Aligning With the Muslim League
Mandal’s alliance with the Muslim League in Bengal spawned from the shockingly similar socio-economic conditions shared by Muslims and dalits in rural Bengal – stark poverty and social discrimination. He became a favourite of Muslim League premier Hussain Shaheed Suhrawardy.
Mandal’s support for the Muslim League was also informed by his inference that scheduled castes would lead a better life in a secular Pakistan than in a casteist and communal India, ruled by the Congress Party. He admired Jinnah’s secular principles, and even declared that he could protect and safeguard the interest of minorities way better than Gandhi or Nehru. After Ambedkar got elected to the Constituent Assembly, he wrote a detailed letter to Mandal.
Jogendranath Mandal left India for Pakistan to become the country’s first Law Minister. He was, effectively, also one of its founding fathers.Mandal was the highest-ranking Hindu in the government of Pakistan, and his advocacy of secularism in Pakistan, where Muslims were in majority, is exemplary.
Jinnah’s Death and Mandal’s Homecoming
Contrary to general belief in India, Muhammad Ali Jinnah was an extremely secular individual. On 11 August 1947, when Jinnah was to be sworn in as the first Governor General of Pakistan, he wanted Mandal, a Hindu member of the Assembly, to preside over the session.
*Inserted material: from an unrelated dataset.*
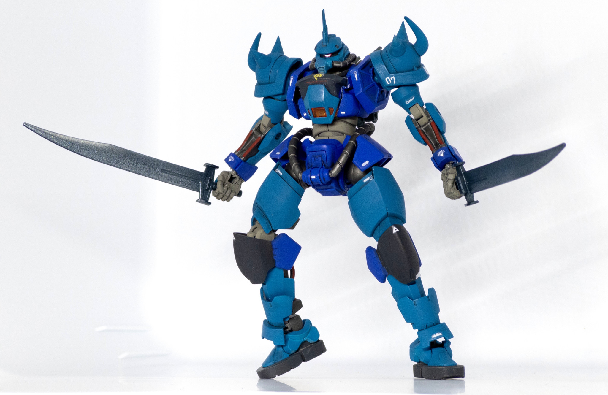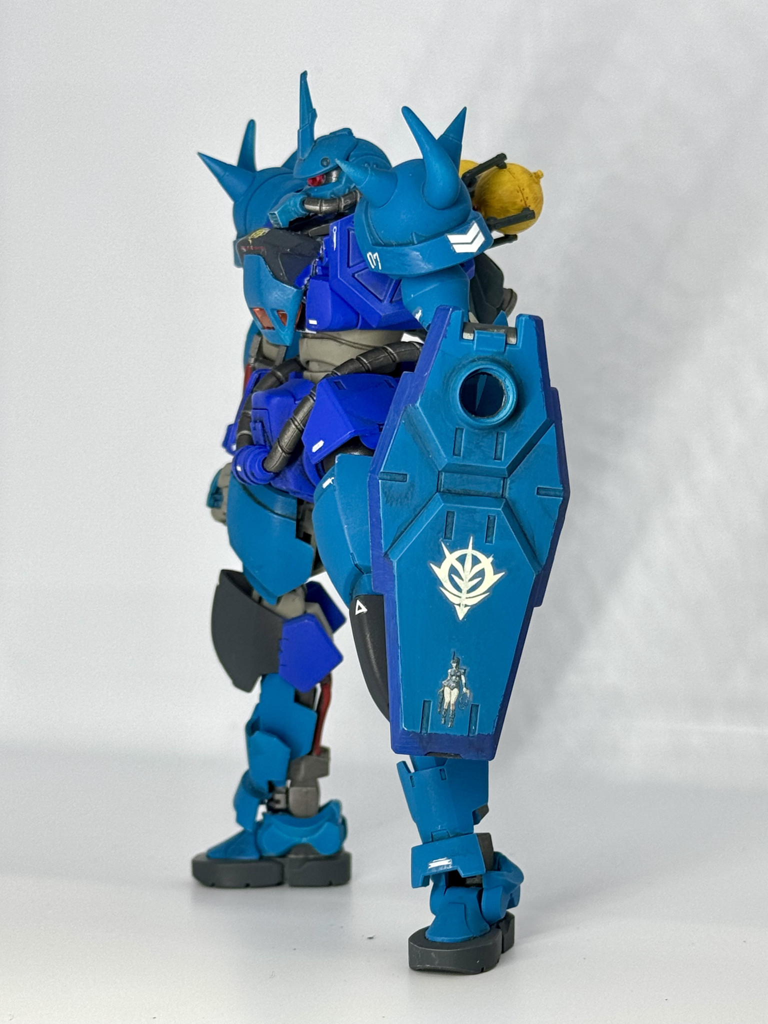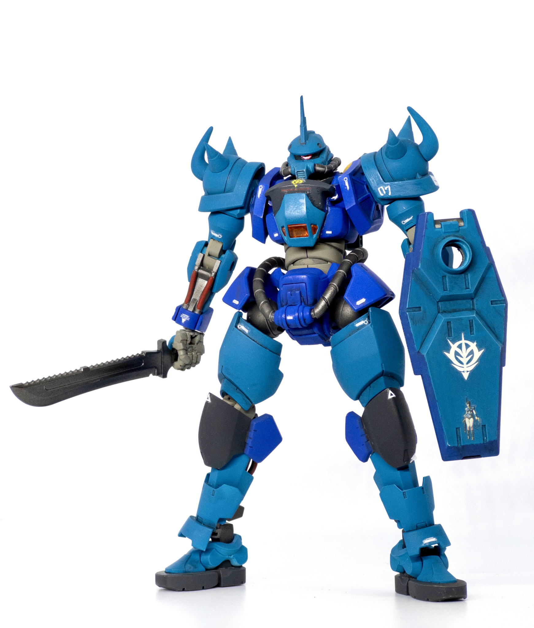 青くしてツノ付けて曲がったスパイク付けて…だけだとちょっと物足りなさそう、グフといえば地上用MS、地上だとあの脚部はないよなあ…ってことで動きやすいものに変更しました。

Jinnah’s inclusion of and exceptional involvement with Mandal suggested his idea of building a secular state, where the interests of minorities would always be safeguarded.
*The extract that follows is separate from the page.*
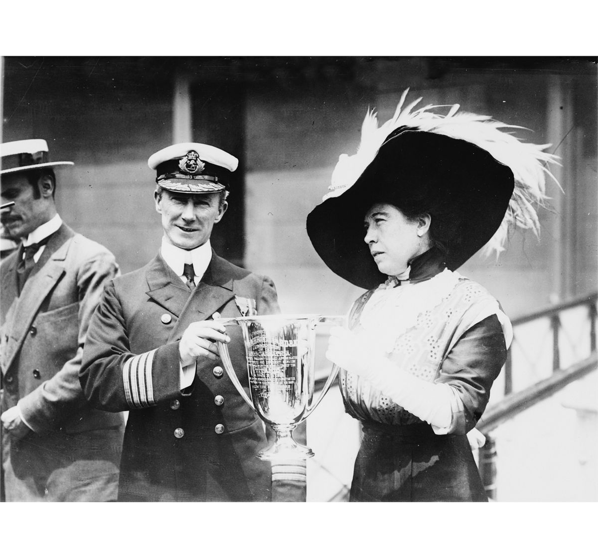 Once aboard the Carpathia, Margaret Brown continued to assist her fellow passengers, nursing their wounds and comforting them with optimism—her fluency in English, French, German, and Russian enabled her to communicate with nearly all on board. Once everyone was stable, her philanthropic side kicked in and she established a committee to raise money for destitute survivors, collecting $10,000 from well-to-do passengers before the Carpathia even reached New York. Then, as a member of this 'Survivor's Committee,' she arranged for a ceremony to recognize the heroic Carpathia crew, where she presented every crew member with a crimson-ribboned medal and Captain Rostron with the Loving Cup. This historic cup has remained in the Rostron family ever since that day—May 29, 1912—and has been on loan to the Merseyside Maritime Museum and Ulster Folk and Transport Museum since the 1980s.
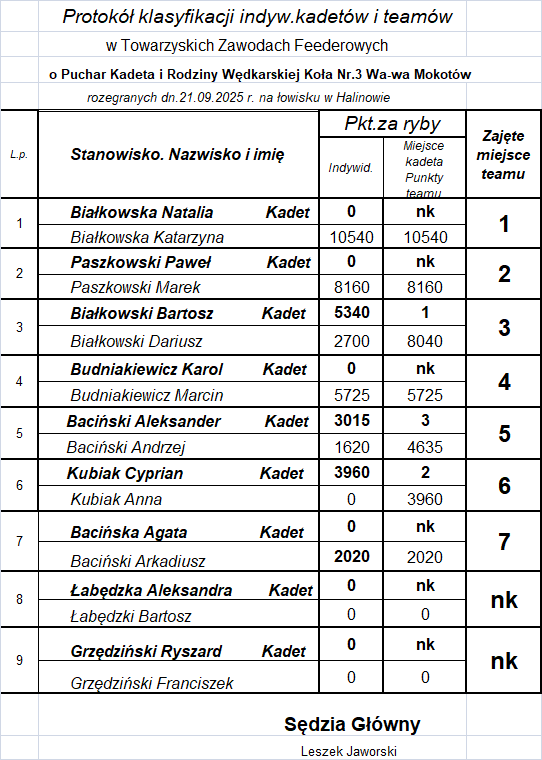 Wśród Kadetów najlepsi okazali się Bartek, przed Cyprianem i Aleksandrem. Gratulujemy !!!

Mandal supported the Objective Resolution in March 1949. It is this same resolution which today continues to generate political debates in Pakistan. Some progressive individuals in Pakistan believe that the resolution has been exploited to transform Jinnah’s ‘secular Pakistan’ into a ‘religious state’.
Mandal left no means unexploited to express his extreme displeasure and disagreement when Prime Minister Liaqat Ali Khan decided to make Pakistan an Islamic state. He argued strongly against making Islam the state religion, as it would adversely affect the religious and ethnic minorities in the country.
With Jinnah gone, Mandal became utterly disillusioned and was left without any support in a rapidly polarising Pakistan. Then, in 1950, thousands of lower caste Hindus in East Pakistan (present Bangladesh) were killed, marking the beginning of a long and arduous migration to India. Jogendranath Mandal fled Karachi and sent his resignation to the Prime Minister of Pakistan from Calcutta. (You can read the letter of resignation here.)
The Life of a Pariah
Jogendranath Mandal was considered a Pakistani in India, and was heavily criticised, insulted and hated for it. In spite of this, he dedicated his time and energy towards rehabilitating Hindu refugees (mainly the lower caste Namasudras) from East Pakistan who were pouring into West Bengal. He worked among several refugee camps, requesting and petitioning government officials to help the refugees.
But Mandal was made into a social untouchable. Political parties refused to align with, or even recognise him, often branding him a Pakistani agent. Nobody was ready to listen to what the man had to say, and even newspapers came down heavily on him. The ‘progressive’ communists in the state came up with a new moniker for him – Jogendra Ali Mollah!
Jogendranath Mandal contested the elections from Barasat in 1967, losing badly. He passed away a year later.